> **Required action**:
The whole listing below, with no pictures, is to be repeated as it stands.

> **Data section**:
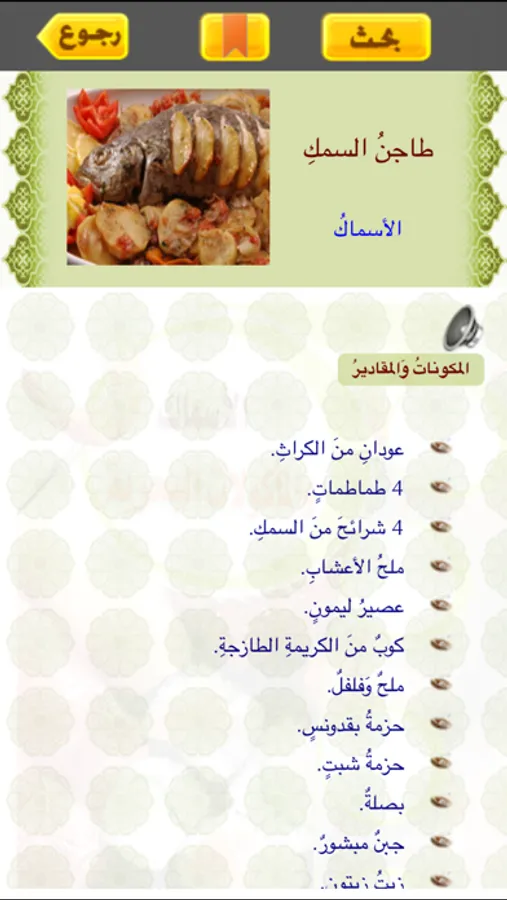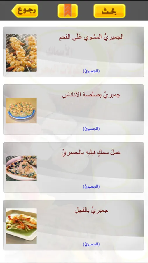 برنامج "الأسماك والماكولات البحرية " يتضمن وصفات :
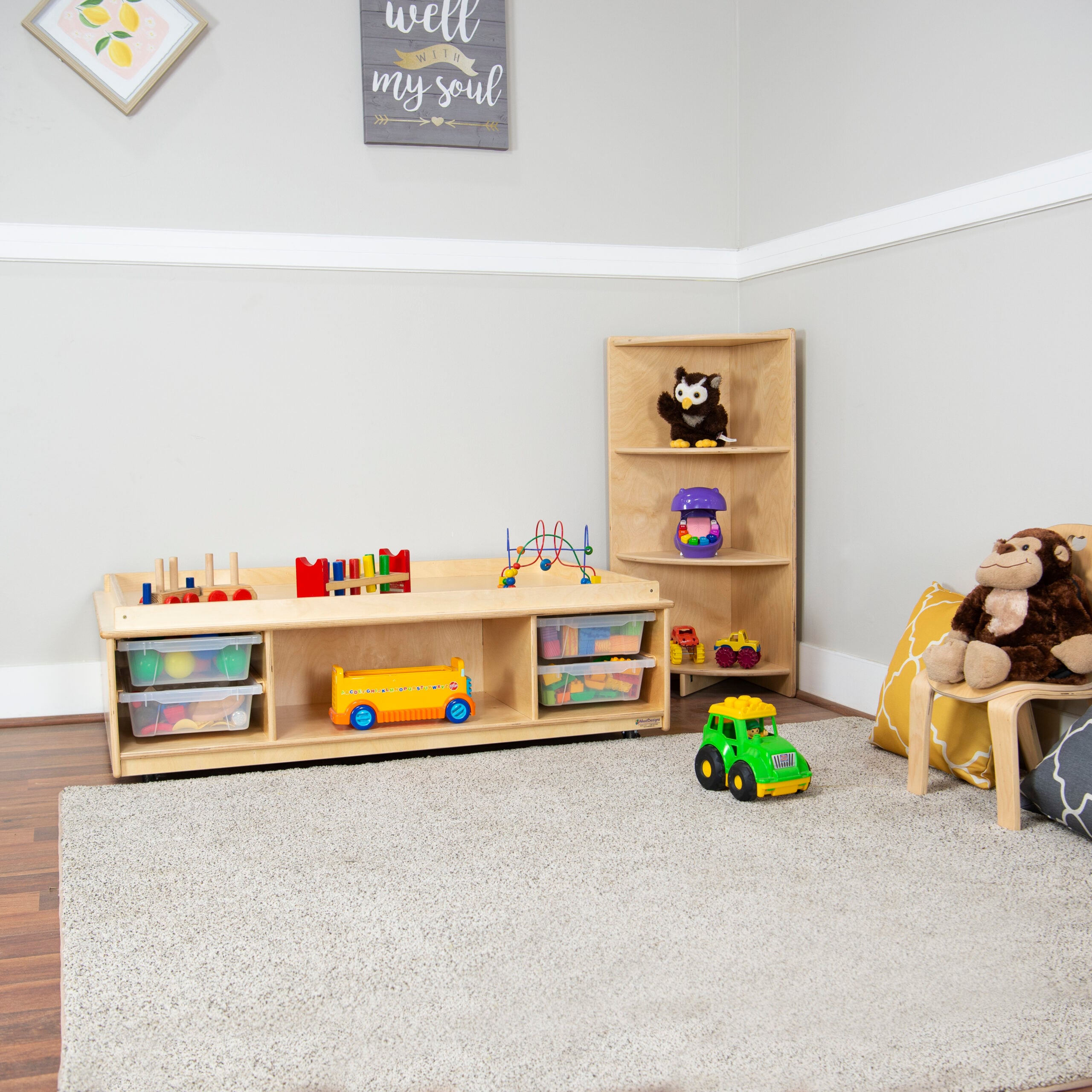 This beautiful and functional corner cabinet is perfect for extra classroom storage. Constructed from Birch Plywood, and coated with our exclusive Tuff-Gloss™ UV finish. Fully rounded corners and edges for maximum safety.
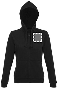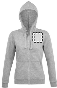SOL'S SPIKE NAISTEN. Miesten vetoketjullinen huppari, 80 % rengaskehrätty puuvilla - 20 % polyesteri Harjattu vuori, Ulkopuoli: 100 % puuvilla FLEECE 280 LSF (Low Shrinkage Fabric), Asetetut hihat, 2 etutaskua, Leikattu ja ommeltu, Vuorattu huppu, jossa on sävyyn sopiva kiristysnauha, 2x2-ripsiset hihansuut ja helma. Puolikuun muotoinen sisäkaulus, teipattu kaula-aukko, YKK-vetoketju. OEKO-TEX®. Myydään vain painatuksen kanssa.
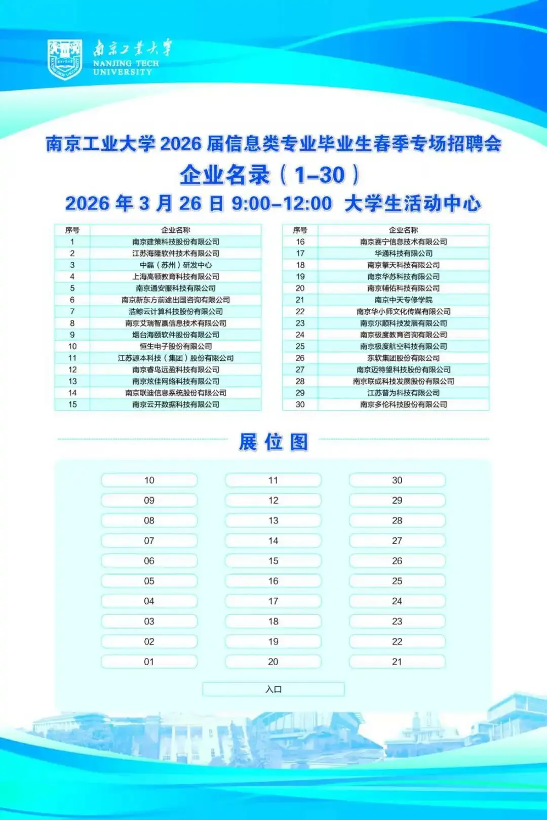 >招聘会|南京工业大学2026届信息类专业毕业生春季专场招聘会
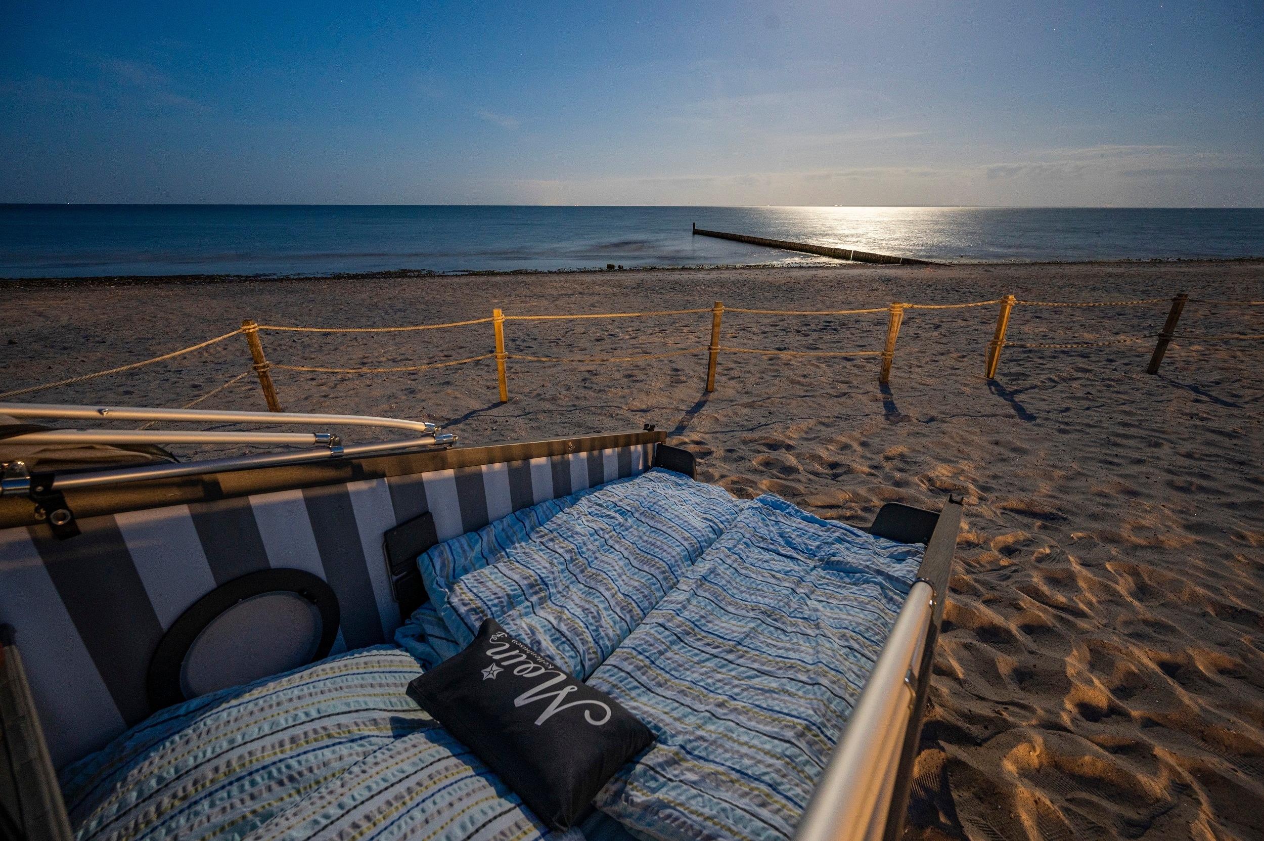 Lassen Sie Kindheitsräume am Strand von Kellenhusen wahr werden und erleben Sie Glücksgefühle pur bei einer Übernachtung in unserem neuen Schlafstrandkorb (120 x 200cm). Geschützt vor Sonne, Wind und Wetter und auch vor neugierigen Blicken genießen Sie eine unvergessliche Nacht mit Ausblick auf Ostsee, Mond und Sterne.
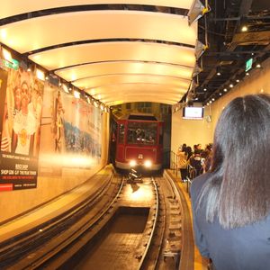 トラムは座れなかったのですが、急傾斜でスリル満点。夜景も綺麗でした。山頂の滞在は、20分程度。展望台で景色を見て写真を撮るだけなら充分です。さらに山頂に建つ、ルーフトップのあるビルに登りたいのであれば、他のツアーをオススメします。ただ、そのビルに登るために更に待たされますし、景色はビルに登らなくても充分見られますよ♪
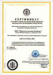 Заводы прошли проверку EFSA (Европейское агентство по безопасности продуктов питания), продукция допущена к экспорту в страны ЕС.
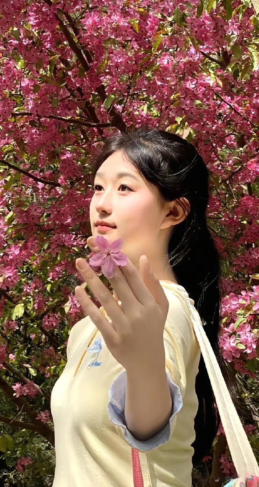 樱花树下,少女轻抚花枝,春意盎然。
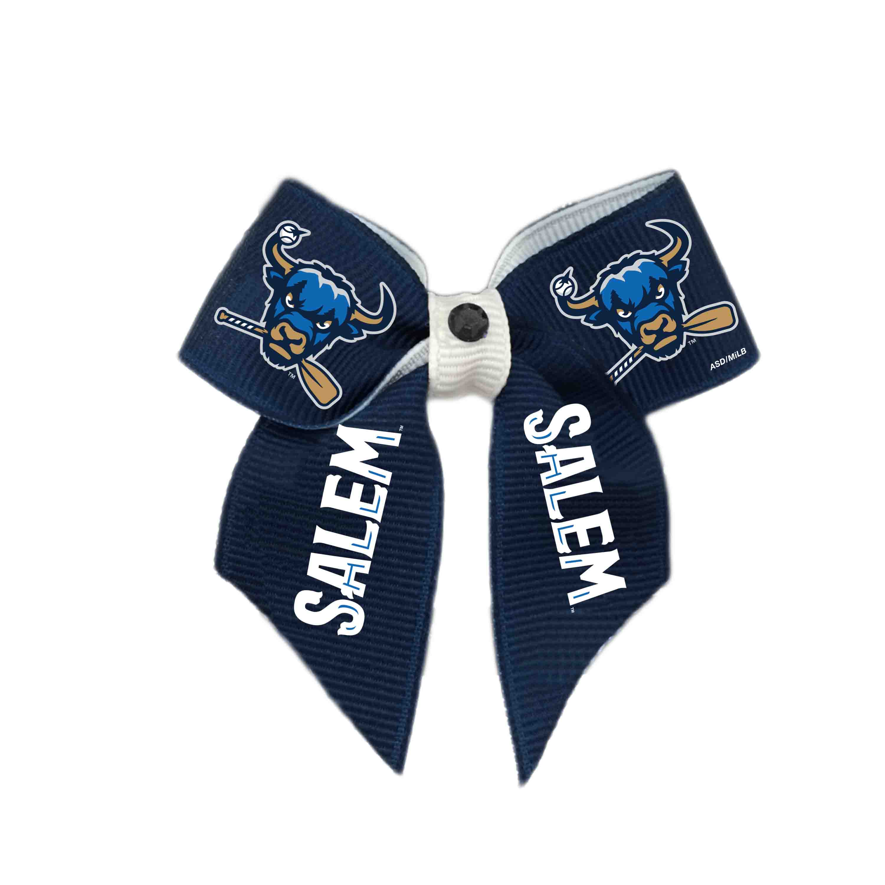 Grosgrain ribbon with printed team logo wrapped and jeweled with rhinestone and barrette closing.
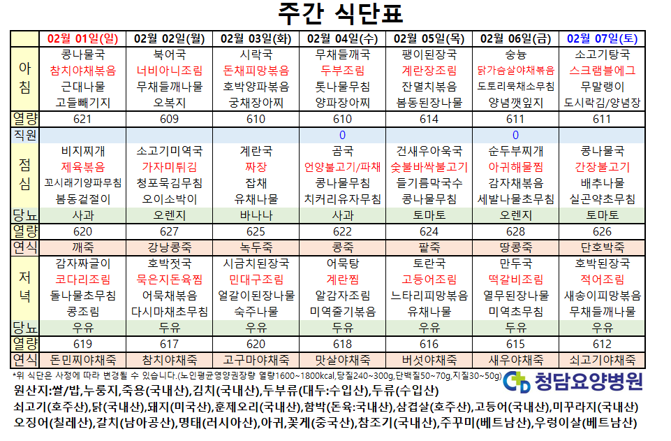 2¿ù ù°ÁÖ ½Ä´ÜÇ¥

> **Answer to the problem**:
 برنامج "الأسماك والماكولات البحرية " يتضمن وصفات :
 This beautiful and functional corner cabinet is perfect for extra classroom storage. Constructed from Birch Plywood, and coated with our exclusive Tuff-Gloss™ UV finish. Fully rounded corners and edges for maximum safety.
SOL'S SPIKE NAISTEN. Miesten vetoketjullinen huppari, 80 % rengaskehrätty puuvilla - 20 % polyesteri Harjattu vuori, Ulkopuoli: 100 % puuvilla FLEECE 280 LSF (Low Shrinkage Fabric), Asetetut hihat, 2 etutaskua, Leikattu ja ommeltu, Vuorattu huppu, jossa on sävyyn sopiva kiristysnauha, 2x2-ripsiset hihansuut ja helma. Puolikuun muotoinen sisäkaulus, teipattu kaula-aukko, YKK-vetoketju. OEKO-TEX®. Myydään vain painatuksen kanssa.
 >招聘会|南京工业大学2026届信息类专业毕业生春季专场招聘会
 Lassen Sie Kindheitsräume am Strand von Kellenhusen wahr werden und erleben Sie Glücksgefühle pur bei einer Übernachtung in unserem neuen Schlafstrandkorb (120 x 200cm). Geschützt vor Sonne, Wind und Wetter und auch vor neugierigen Blicken genießen Sie eine unvergessliche Nacht mit Ausblick auf Ostsee, Mond und Sterne.
 トラムは座れなかったのですが、急傾斜でスリル満点。夜景も綺麗でした。山頂の滞在は、20分程度。展望台で景色を見て写真を撮るだけなら充分です。さらに山頂に建つ、ルーフトップのあるビルに登りたいのであれば、他のツアーをオススメします。ただ、そのビルに登るために更に待たされますし、景色はビルに登らなくても充分見られますよ♪
 Заводы прошли проверку EFSA (Европейское агентство по безопасности продуктов питания), продукция допущена к экспорту в страны ЕС.
 樱花树下,少女轻抚花枝,春意盎然。
 Grosgrain ribbon with printed team logo wrapped and jeweled with rhinestone and barrette closing.
 2¿ù ù°ÁÖ ½Ä´ÜÇ¥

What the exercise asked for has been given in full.